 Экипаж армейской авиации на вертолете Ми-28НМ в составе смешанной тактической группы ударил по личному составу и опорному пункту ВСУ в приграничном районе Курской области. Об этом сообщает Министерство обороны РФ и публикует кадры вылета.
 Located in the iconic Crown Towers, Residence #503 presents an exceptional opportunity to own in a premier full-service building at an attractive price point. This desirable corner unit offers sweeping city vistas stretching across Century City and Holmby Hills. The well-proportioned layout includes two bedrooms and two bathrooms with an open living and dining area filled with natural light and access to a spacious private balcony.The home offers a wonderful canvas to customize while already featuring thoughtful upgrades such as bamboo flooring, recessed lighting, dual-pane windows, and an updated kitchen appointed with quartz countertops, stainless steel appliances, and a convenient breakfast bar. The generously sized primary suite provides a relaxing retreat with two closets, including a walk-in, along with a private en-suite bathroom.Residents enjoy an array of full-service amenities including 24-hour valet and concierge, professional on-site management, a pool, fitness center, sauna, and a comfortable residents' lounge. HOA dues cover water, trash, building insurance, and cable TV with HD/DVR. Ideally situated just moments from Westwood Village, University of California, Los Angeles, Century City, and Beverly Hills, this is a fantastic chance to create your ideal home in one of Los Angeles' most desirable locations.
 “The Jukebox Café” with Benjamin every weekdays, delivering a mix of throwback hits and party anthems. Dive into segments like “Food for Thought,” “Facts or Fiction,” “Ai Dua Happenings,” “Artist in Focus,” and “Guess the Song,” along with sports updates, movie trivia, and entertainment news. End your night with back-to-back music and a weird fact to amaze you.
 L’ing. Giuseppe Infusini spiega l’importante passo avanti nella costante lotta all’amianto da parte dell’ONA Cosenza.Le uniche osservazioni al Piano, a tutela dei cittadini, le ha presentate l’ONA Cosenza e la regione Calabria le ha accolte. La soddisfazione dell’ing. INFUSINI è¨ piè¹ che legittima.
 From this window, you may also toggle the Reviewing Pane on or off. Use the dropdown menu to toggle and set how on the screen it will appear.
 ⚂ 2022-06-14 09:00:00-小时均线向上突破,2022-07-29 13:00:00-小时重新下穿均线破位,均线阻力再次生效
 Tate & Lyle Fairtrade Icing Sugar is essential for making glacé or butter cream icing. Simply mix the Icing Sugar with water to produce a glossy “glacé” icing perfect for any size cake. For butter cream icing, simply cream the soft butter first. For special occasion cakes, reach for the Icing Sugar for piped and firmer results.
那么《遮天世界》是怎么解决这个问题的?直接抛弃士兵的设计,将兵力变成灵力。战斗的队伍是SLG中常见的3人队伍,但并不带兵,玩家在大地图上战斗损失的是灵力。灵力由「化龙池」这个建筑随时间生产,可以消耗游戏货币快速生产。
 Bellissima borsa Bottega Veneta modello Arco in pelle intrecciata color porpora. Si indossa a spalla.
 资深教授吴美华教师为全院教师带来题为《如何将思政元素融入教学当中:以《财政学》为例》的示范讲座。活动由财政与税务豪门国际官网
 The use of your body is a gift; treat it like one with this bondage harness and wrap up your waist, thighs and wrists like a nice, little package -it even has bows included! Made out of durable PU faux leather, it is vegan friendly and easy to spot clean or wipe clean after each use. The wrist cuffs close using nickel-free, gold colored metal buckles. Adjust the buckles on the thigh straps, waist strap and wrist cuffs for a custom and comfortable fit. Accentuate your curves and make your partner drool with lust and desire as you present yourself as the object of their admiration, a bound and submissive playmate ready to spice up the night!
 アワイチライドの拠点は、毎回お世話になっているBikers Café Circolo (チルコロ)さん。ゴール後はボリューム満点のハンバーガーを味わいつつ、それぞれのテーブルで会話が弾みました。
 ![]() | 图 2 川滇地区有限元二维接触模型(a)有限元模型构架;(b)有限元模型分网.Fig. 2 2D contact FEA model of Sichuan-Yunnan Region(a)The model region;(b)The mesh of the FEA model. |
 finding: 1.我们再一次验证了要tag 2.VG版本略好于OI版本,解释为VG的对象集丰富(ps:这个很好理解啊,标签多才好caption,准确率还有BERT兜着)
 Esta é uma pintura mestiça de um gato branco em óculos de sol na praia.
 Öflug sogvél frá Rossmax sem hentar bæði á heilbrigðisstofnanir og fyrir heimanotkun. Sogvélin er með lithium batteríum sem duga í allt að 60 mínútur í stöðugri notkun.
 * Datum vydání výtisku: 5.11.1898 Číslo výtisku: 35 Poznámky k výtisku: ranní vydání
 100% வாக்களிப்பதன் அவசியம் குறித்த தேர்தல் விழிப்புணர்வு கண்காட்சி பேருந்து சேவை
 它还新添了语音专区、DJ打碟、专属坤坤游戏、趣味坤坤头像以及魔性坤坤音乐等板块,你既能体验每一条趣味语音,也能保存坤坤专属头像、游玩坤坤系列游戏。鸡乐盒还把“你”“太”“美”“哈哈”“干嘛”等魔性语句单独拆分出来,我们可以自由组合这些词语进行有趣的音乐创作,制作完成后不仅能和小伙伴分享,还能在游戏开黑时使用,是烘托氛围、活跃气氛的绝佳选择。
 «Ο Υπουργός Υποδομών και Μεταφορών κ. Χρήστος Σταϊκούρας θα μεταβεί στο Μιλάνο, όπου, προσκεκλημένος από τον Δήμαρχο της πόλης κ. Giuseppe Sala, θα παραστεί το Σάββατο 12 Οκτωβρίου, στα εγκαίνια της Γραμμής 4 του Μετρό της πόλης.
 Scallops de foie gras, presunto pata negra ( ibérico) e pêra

[YOUR INSTRUCTIONS] Look above for the line with "Esta é uma pintura" and the line with "Öflug sogvél frá", and reproduce exactly those two lines plus every line between, nothing more.

[RESULT OF THIS EXERCISE]
 Esta é uma pintura mestiça de um gato branco em óculos de sol na praia.
 Öflug sogvél frá Rossmax sem hentar bæði á heilbrigðisstofnanir og fyrir heimanotkun. Sogvélin er með lithium batteríum sem duga í allt að 60 mínútur í stöðugri notkun.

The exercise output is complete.